So in such case we should block the option if guest agent is not installed.

--- Additional comment from Allon Mureinik on 2016-01-13 15:19:01 IST ---

(In reply to Aharon Canan from comment #3)
> (In reply to Allon Mureinik from comment #1)
> > There's no guest agent:
> > 
> > """
> > periodic/0::WARNING::2016-01-12
> > 18:09:38,162::periodic::258::virt.periodic.VmDispatcher::(__call__) could
> > not run <class 'virt.periodic.DriveWatermarkMonitor'> on
> > [u'f1eb086b-7b28-47a4-bf68-075ee2f17442']
> > jsonrpc.Executor/4::WARNING::2016-01-12
> > 18:09:39,126::vm::2995::virt.vm::(freeze)
> > vmId=`f1eb086b-7b28-47a4-bf68-075ee2f17442`::Unable to freeze guest
> > filesystems: Guest agent is not responding: Guest agent not available for now
> > """
> > 
> > Without a guest agent, the snapshot isn't consistent, obviously.
> 
> So in such case we should block the option if guest agent is not installed.

We have discussed this multiple times, we aren't going to re-discuss it here.

--- Additional comment from Daniel Erez on 2016-01-13 15:27:23 IST ---

Re-adding the needinfo on Natalie (see https://bugzilla.redhat.com/show_bug.cgi?id=1297919#c2)

--- Additional comment from Natalie Gavrielov on 2016-01-13 18:40 IST ---

Reproduced with guest agent installed and running (same response when running "ll" and /var/log/messages shows the same type of errors.

--- Additional comment from Daniel Erez on 2016-01-13 18:53:20 IST ---

(In reply to Natalie Gavrielov from comment #6)
> Created attachment 1114466 [details]
> logs: engine.log, libvirtd.log, qemu, vdsm, cinder
> 
> Reproduced with guest agent installed and running (same response when
> running "ll" and /var/log/messages shows the same type of errors.

Some more question for further investigation:
* Did you try it on a new VM with a fresh OS?
* Which OS did you use?
* Is it reproduced with another OS?

--- Additional comment from Daniel Erez on 2016-01-13 19:28:17 IST ---

Another thing, according to the latest logs [1], the guest agent on the VM still isn't responsive.
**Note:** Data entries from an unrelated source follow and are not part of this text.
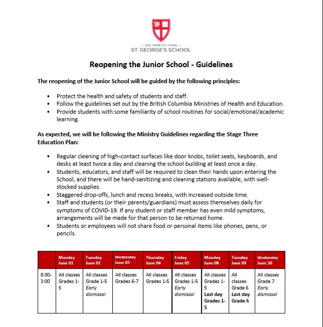 为了能够正式的重新开学,每间学校也都正在努力拟定"安全营运计划"确保在开学后可以是当的疏散人流,让学生可以在健康不受威胁之下持续学习,而大温地区的私校如St. George's School也在5月15日省长宣布校园开放后,随即宣布了校园重启声明并且在官网上放上了详细的校园重启计划书,私校的反应速度实在令人敬佩,有兴趣了解更多的家长也欢迎到St. George's School的官方网站查看更多资讯。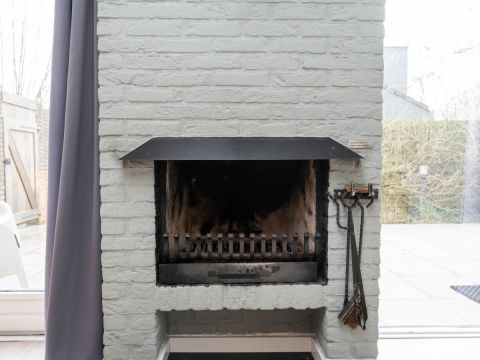 Het sfeervolle terras is gesitueerd op het zuiden en is voorzien van een stenen barbecue, 2 relax stoelen en een mooie houten tuin set met parasol.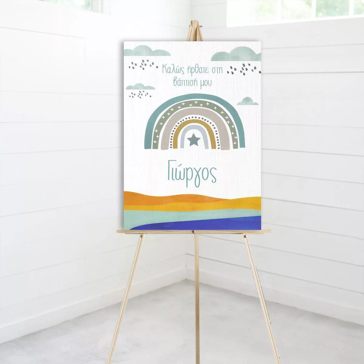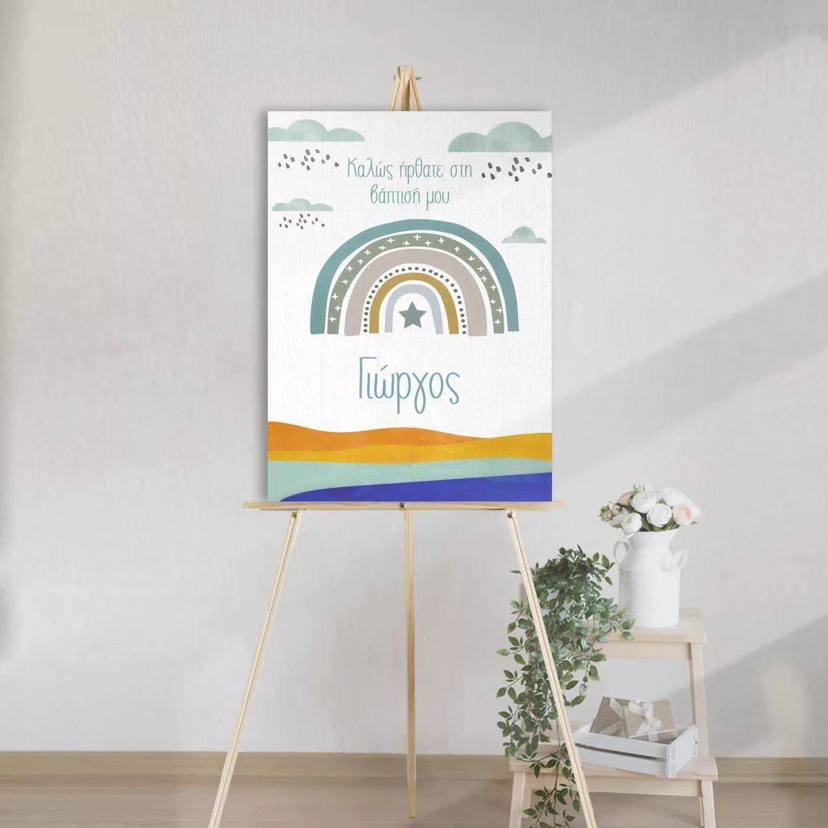 Canvas print welcome to my baptism , Rainbow nordic blue

Can you please check the agent is running by using:
'systemctl status ovirt-guest-agent.service'

BTW, more info on:
* http://www.ovirt.org/Understanding_Guest_Agents_and_Other_Tools
* http://www.ovirt.org/How_to_install_the_guest_agent_in_Fedora

[1] 2016-01-13 15:50:45,629 INFO  [org.ovirt.engine.core.dal.dbbroker.auditloghandling.AuditLogDirector] (org.ovirt.thread.pool-7-thread-27) [] Correlation ID: 47cfc14a, Job ID: ecc702e6-720a-482f-8840-0a06a851108e, Call Stack: org.ovirt.engine.core.common.errors.EngineException: EngineException: org.ovirt.engine.core.vdsbroker.vdsbroker.VDSErrorException: VDSGenericException: VDSErrorException: Failed to FreezeVDS, error = Guest agent is not responding: Guest agent not available for now, code = 19 (Failed with error nonresp and code 19)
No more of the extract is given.